Christianity, in particular, teaches that as children of God, He knows each of us by name. God always welcomes His child who wants to return to Him, and even yearns for our return is shown in the parable of the prodigal son. He values our uniqueness and individuality and created each of us with his or her unique set of gifts. We use those gifts with the strength and guidance He gives us to find our way back.
Some Orthodox Fathers believed that God allowed Satan, a fallen angel, to take on flesh in the Garden. Given an opportunity to repent, instead he became jealous of Adam and Eve because as humans they were created with material bodies to enjoy creation and Satan also wanted that for himself. Jealousy as a result of pride was introduced once again by Satan but with dire consequences for creation. He took on flesh in the form of the serpent and tempted Adam and Eve to think of themselves first before God or each other, a manifestation of the self-centered ego. Adam and Eve selfishly used creation for their own enjoyment separate from Him Who gave it to them. That was the sin which permeated the universe and tainted all of creation. In this way, Satan created disharmony by separating and dividing them from God and from one another. "Diavolos" in Greek means divider which leads to disorder and breakdown. As he did with Adam and Eve, he has been negatively influencing and pitting humans against each other and against God throughout time.
Adam’s and Eve's expulsion led to the separation of the material from the immaterial. Satan wants this disharmony because that separation leads souls away from God; whereas, its union leads to God. The sanctity of the body leads to order and integral wholeness which is characteristic of God.
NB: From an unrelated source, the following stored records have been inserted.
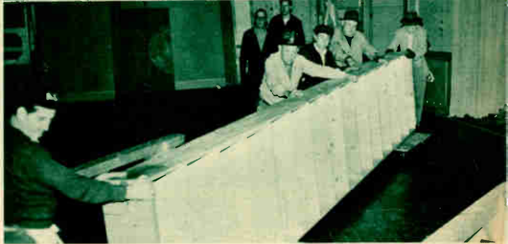
▲ ANOTHER PIECE OF THE RING base is hoisted into place. Amateur Athletic Union regulations are carefully conformed to from the building of the arena to the choice of fighters.
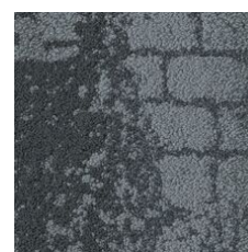
Calm 05580 LRV 11.1 | L* 39.71
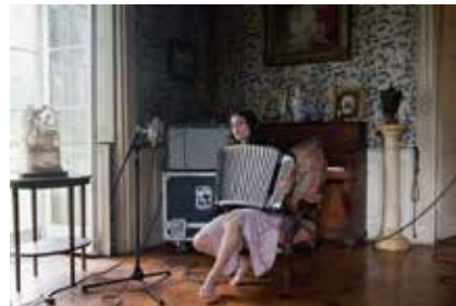
The Visitors, 2012 Nine channel video projection Courtesy of the artist, Luhring Augustine, New York and i8 Gallery, Reykjavik

Born 1976 in Reykjavík, Iceland Lives and works in Reykjavík, Iceland
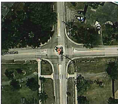
SW 100 th Street & SW 82 nd Avenue

There is no sidewalk along SW 102 nd Street, the southern perimeter on the east side of the park. The installation of a sidewalk would provide a pedestrian route to access the existing pedestrian entrance points along the south side of the park.
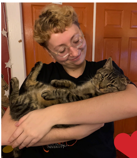
Crinkle Bob is cherished

Crinkle Bob’s fan club at Tabby’s Place may miss him forever, but our eyes will always crinkle with happy tears at his memory. We are all better and sweeter for having been “Crinkled!”
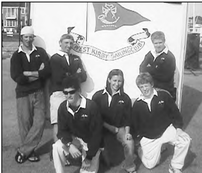
The runner-up Hotchkiss team looks cool posing after the BSDRA regatta in West Kirby.

To check out more detailed results of all the spring regattas in NESSA, go to our website at www.nessa-sailing.org to see the latest information and results.
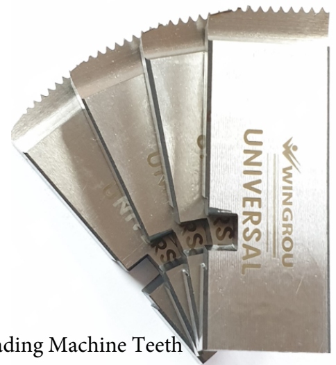
Wingrou Threading Machine Teeth
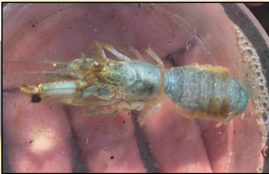
Healthy Blue Mud Shrimp.

The above Blue Mud Shrimp from Ketchikan is infected with the invasive isopod Orthione griffenis . Notice the shell is bulged out and deformed on one side of the body due to the isopod growing underneath. Left inset image shows parasite removed from host.
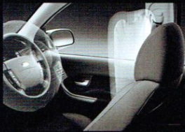
> Side airbags*

> With such an impressive package of sports and safety features valued at over $7,000*, plus the fact that air-conditioning is already standard, nothing excites like the special edition Falcon SR. The instant you spot the high arched spoiler and SR badging you know this Falcon is special. Topping the list of performance features is the 4-speed automatic transmission with Sequential Sports Shift for complete manual control over gear selection. In automatic mode, the Adaptive Shift intuitively adopts a shift pattern to suit your individual driving style. Add to that, 17" alloy wheels, leather wrapped steering wheel and Sports Control Blade Independent Rear Suspension, one of the most advanced suspension systems on any Australian built car. Driver and passenger safety also feature prominently with the inclusion of side airbags* and a reverse sensing system. Unique SR sports trim, rear power windows and a six stack CD player complete the package. Choose the optional E-Gas engine and you will cut your fuel costs. Whether you're looking for a vehicle that delivers exhilarating performance or a car with a long list of safety features, nothing comes close to the special edition Falcon SR. Nothing drives like a Falcon.
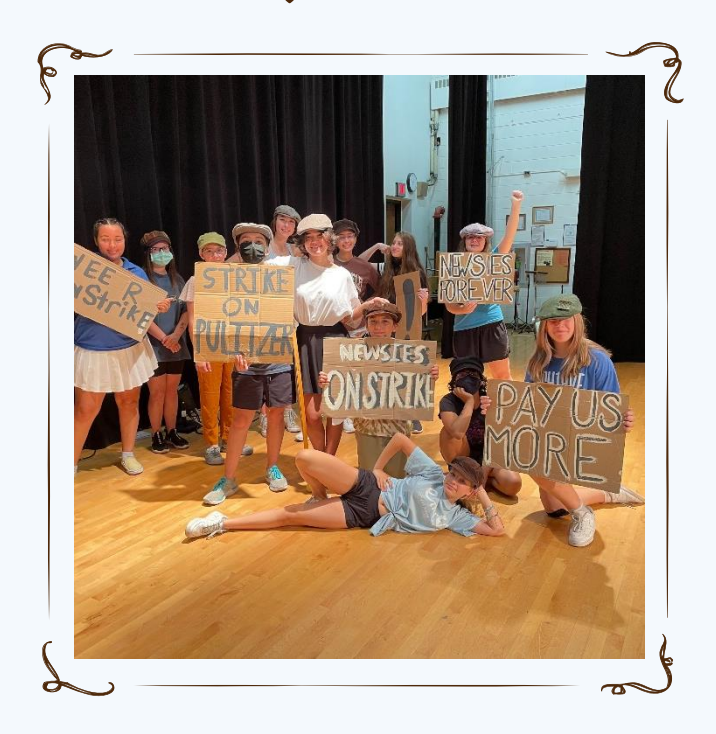
Teen Actors in Character
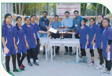
Intercollege Volleyball Champions
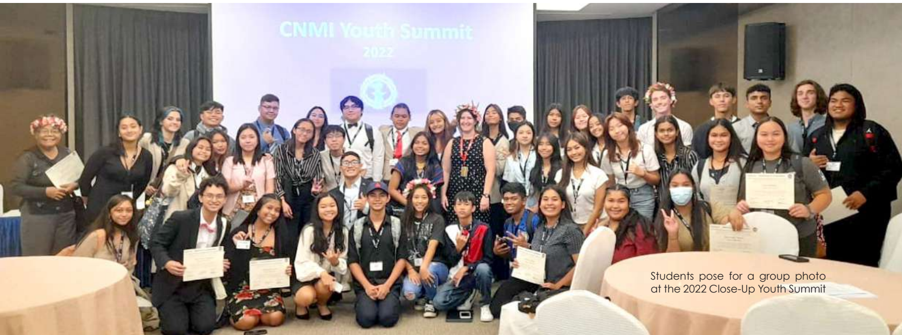
Students pose for a group photo at the 2022 Close-Up Youth Summit
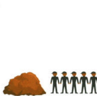
5 man with their wheelbarrow

Hardwood, softwood, and coloured wood mulch have never been applied more effortless, and the smooth, professional look of the blown material is unrivalled. With the remote control, the volume of output can be adjusted quickly to a minimum flow for spreading around delicate flowers or turned up higher in more wide open areas.
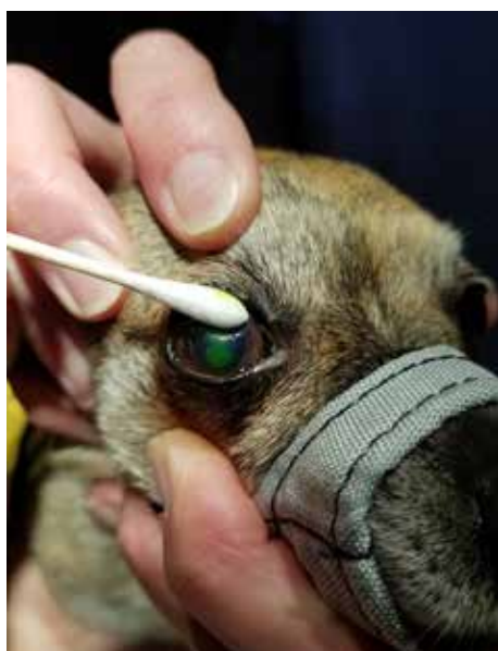
Figure 1 (top): Image of an eye with a spontaneous chronic corneal epithelial defect (SCCED) stained with fluorescein dye. Note the fluorescein dye undermining the edges of the epithelial layer and the diagnostic “lip” of loose epithelium.
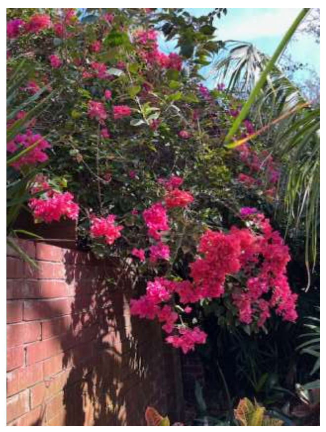
Bougainvillea at the Sunken Gardens in St. Petersburg, Florida in February, 2024.
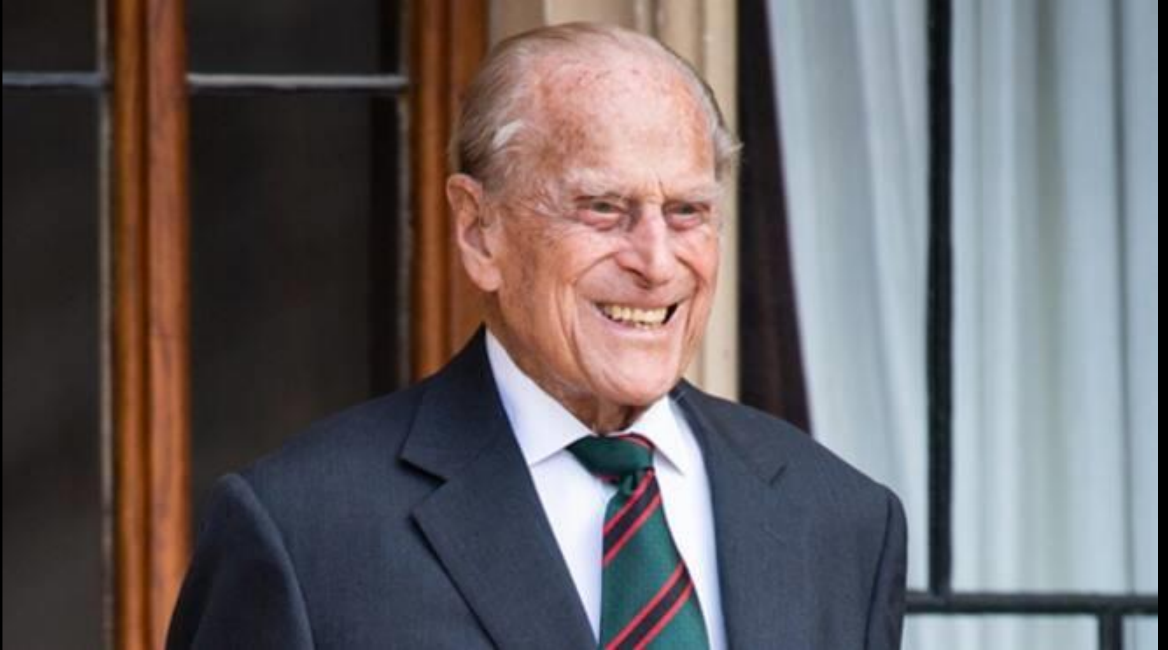
Prince Phillip, the Duke of Edinburgh, 10 June 1921 – 9 April 2021
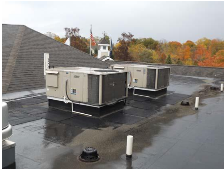
Figure 1 View of 2 of the 3 Units

RECOMMENDED ACTION: Approval to award replacement of three (3) heating and cooling rooftop units at Meadowbrook Commons under the existing City contract with RW Mead & Sons in the amount of $48,550.
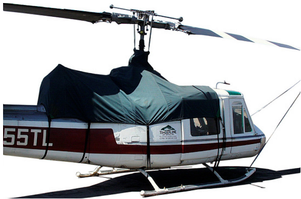
Bell 204/205 Engine/Mid-Cabin Cover

WINTER USE MATERIAL - Made with Solution-Dyed Polyester fabric, this option is intended for seasonal use to aid in deicing, rain mitigation, or for occasional travel. The material is lighter and more compact, but more susceptible to UV damage and may have a shorter useful life if used continuously outside than the all-year use material.
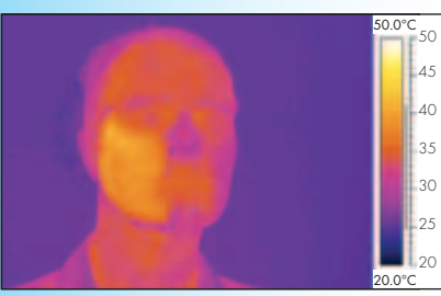
Thermal photography shows a uniform heat profile of 42° C on the lower right facial zone after four minutes of Fractora Firm

R. Stephen Mulholland, M.D., F.R.C.S.(C) Owner SpaMedica Infinite Vitality Clinics Toronto, Canada

The Church calls us all together to be in union and harmony. Our task then is to unite the material with the immaterial. We are all called to be priests in the sense that priests offer back to God what He has given to us. The priest offers the gifts (bread and wine that we toiled to form) with prayer for the consecration saying "Thine Own of thy Own” (“ta Sa ek ton Son”). God then gives the consecrated gifts and all of creation back to us to enjoy; taking elements of the material world and unifying it with the immaterial Divine Spirit of God in order to sanctify our bodies.
Resurrection of the body
Jesus says we are much more than our bodies. Who we are in our core does not grow old even if we die. Our bodies as we now know them will fall apart and decay. However, our bodies will be transfigured at the second Resurrection into spiritualized bodies. The resurrection of the body refers to the union of spirit and a transfigured body, akin to Jesus' Body after the Resurrection, which the disciples did not even recognize. It has not been revealed to us what a transfigured body will look like.
We are immortal not only in spirit but eventually in body as well. We will live physically either in anguish away from God or with joy towards God. In Orthodoxy, moving away from God is the state of hell. Moving towards God is a state of heaven. Neither hell nor heaven is a physical place but rather a state of being, the state of our relationship with God.